▶ **Prompt**
The required output is the lines below from the line containing "Eglo TOWNSHEND 5" to the line containing "Meteoroloji Genel Müdürlüğü", inclusive, retyped exactly. No other lines belong in it.

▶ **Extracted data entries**
[Start of Attachment]

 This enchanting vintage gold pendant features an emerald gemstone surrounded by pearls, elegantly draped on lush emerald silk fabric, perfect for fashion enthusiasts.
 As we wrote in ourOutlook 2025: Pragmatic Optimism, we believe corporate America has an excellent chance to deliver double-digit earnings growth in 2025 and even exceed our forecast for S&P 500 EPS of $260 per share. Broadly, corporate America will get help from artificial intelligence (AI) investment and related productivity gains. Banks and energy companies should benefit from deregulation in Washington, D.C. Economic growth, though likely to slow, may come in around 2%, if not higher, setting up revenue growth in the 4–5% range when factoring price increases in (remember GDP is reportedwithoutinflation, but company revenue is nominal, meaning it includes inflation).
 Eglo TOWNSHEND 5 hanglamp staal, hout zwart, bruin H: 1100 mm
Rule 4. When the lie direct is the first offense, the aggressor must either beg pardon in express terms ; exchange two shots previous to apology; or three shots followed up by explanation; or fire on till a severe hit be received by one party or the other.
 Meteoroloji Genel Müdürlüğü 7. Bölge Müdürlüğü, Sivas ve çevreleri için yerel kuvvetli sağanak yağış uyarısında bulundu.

[End of Attachment]
[Start of Attachment]

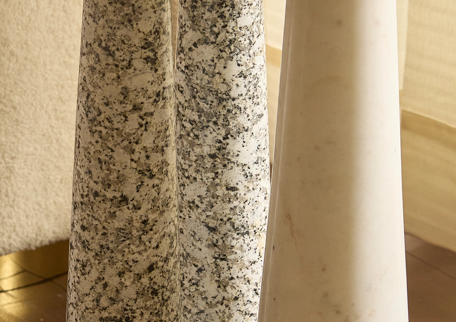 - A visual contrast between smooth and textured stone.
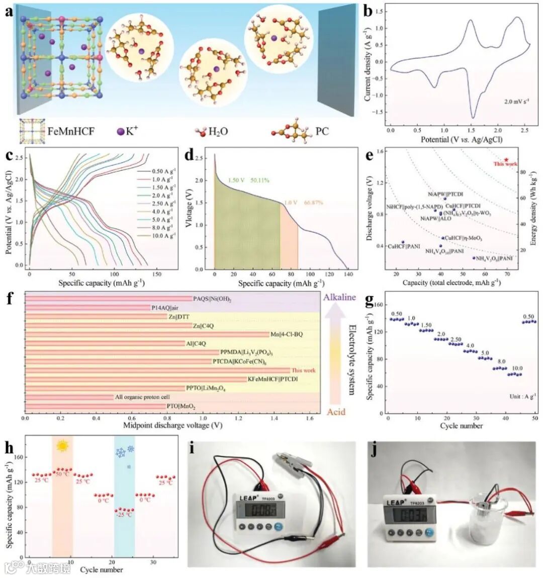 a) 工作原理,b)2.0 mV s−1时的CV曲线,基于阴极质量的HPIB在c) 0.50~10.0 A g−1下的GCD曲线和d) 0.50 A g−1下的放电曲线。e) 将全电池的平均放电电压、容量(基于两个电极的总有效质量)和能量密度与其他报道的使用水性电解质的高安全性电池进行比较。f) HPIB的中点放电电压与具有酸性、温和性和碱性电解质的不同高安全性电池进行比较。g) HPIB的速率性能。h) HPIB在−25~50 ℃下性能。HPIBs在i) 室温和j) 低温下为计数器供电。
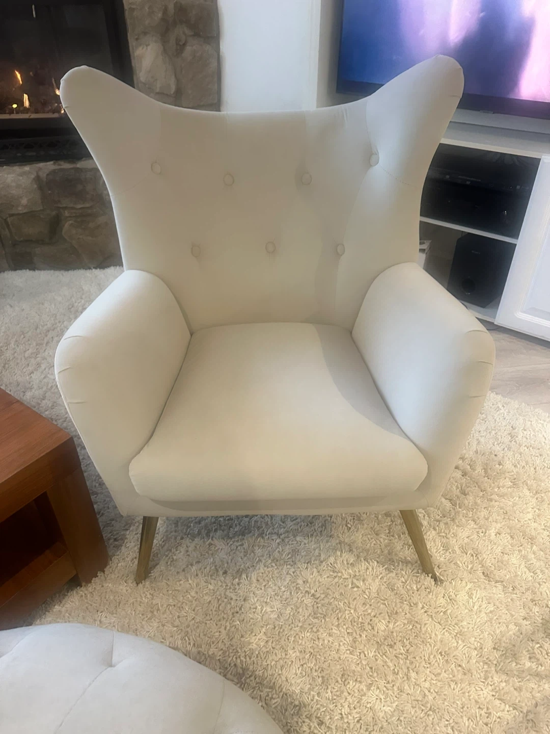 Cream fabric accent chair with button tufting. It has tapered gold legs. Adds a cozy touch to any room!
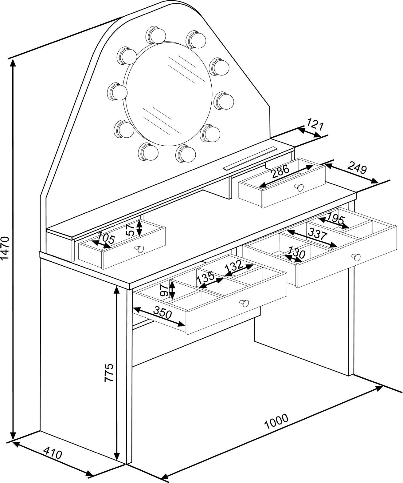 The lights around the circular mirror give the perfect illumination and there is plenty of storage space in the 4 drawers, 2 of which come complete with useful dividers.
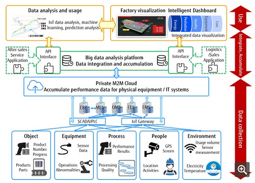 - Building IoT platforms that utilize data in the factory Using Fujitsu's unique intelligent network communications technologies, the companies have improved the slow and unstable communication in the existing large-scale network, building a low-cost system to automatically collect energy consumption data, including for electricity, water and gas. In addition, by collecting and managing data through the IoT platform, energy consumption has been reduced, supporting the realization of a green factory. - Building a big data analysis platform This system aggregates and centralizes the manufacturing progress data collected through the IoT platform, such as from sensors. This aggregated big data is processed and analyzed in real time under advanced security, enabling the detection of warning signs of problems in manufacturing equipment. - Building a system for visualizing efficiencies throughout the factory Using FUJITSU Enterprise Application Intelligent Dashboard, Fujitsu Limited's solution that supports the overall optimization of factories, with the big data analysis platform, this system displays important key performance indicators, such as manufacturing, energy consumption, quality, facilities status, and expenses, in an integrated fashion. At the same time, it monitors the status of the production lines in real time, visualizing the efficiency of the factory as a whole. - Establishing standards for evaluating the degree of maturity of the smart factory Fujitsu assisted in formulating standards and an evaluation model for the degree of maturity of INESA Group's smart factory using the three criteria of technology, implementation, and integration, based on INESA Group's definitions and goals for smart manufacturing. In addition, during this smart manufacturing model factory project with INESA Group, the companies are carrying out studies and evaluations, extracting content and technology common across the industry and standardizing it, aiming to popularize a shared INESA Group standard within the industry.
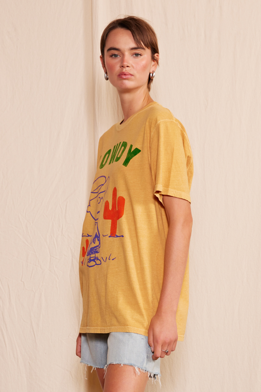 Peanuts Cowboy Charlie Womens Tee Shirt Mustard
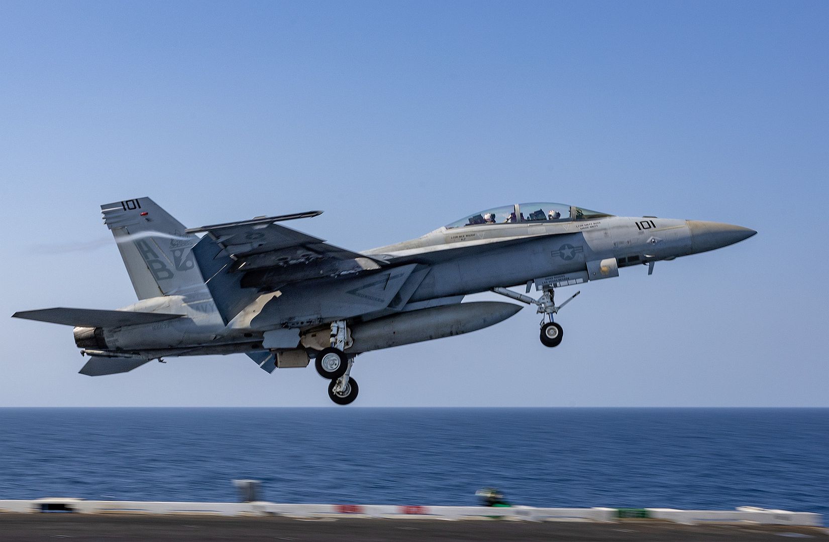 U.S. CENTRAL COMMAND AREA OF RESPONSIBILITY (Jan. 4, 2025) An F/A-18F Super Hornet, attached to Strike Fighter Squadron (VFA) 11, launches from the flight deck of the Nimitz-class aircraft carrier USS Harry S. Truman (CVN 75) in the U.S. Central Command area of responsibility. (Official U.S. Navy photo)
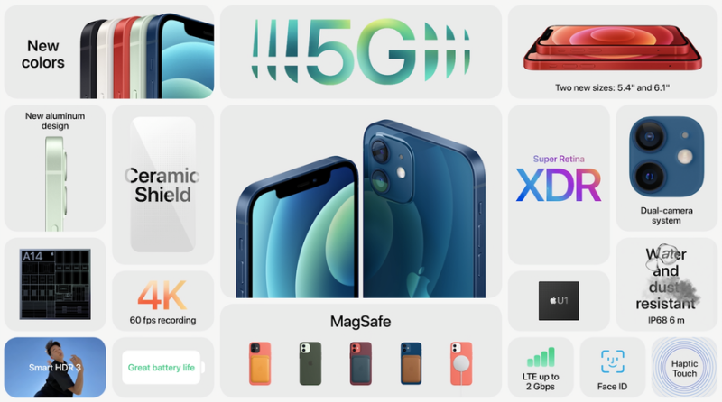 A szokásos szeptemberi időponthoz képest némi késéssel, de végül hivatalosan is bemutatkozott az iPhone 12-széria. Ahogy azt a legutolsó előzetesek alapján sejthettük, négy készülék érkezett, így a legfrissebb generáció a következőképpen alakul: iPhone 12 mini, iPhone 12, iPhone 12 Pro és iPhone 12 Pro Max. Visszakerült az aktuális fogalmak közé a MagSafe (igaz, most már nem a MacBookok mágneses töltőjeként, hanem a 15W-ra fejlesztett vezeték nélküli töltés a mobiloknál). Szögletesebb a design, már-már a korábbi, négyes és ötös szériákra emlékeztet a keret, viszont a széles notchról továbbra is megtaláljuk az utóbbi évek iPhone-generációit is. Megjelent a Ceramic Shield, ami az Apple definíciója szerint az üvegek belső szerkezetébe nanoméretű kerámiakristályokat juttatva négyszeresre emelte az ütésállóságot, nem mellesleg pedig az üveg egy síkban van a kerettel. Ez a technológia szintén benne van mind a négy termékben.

[End of Attachment]

▶ **Response to this exercise**
 Eglo TOWNSHEND 5 hanglamp staal, hout zwart, bruin H: 1100 mm
Rule 4. When the lie direct is the first offense, the aggressor must either beg pardon in express terms ; exchange two shots previous to apology; or three shots followed up by explanation; or fire on till a severe hit be received by one party or the other.
 Meteoroloji Genel Müdürlüğü 7. Bölge Müdürlüğü, Sivas ve çevreleri için yerel kuvvetli sağanak yağış uyarısında bulundu.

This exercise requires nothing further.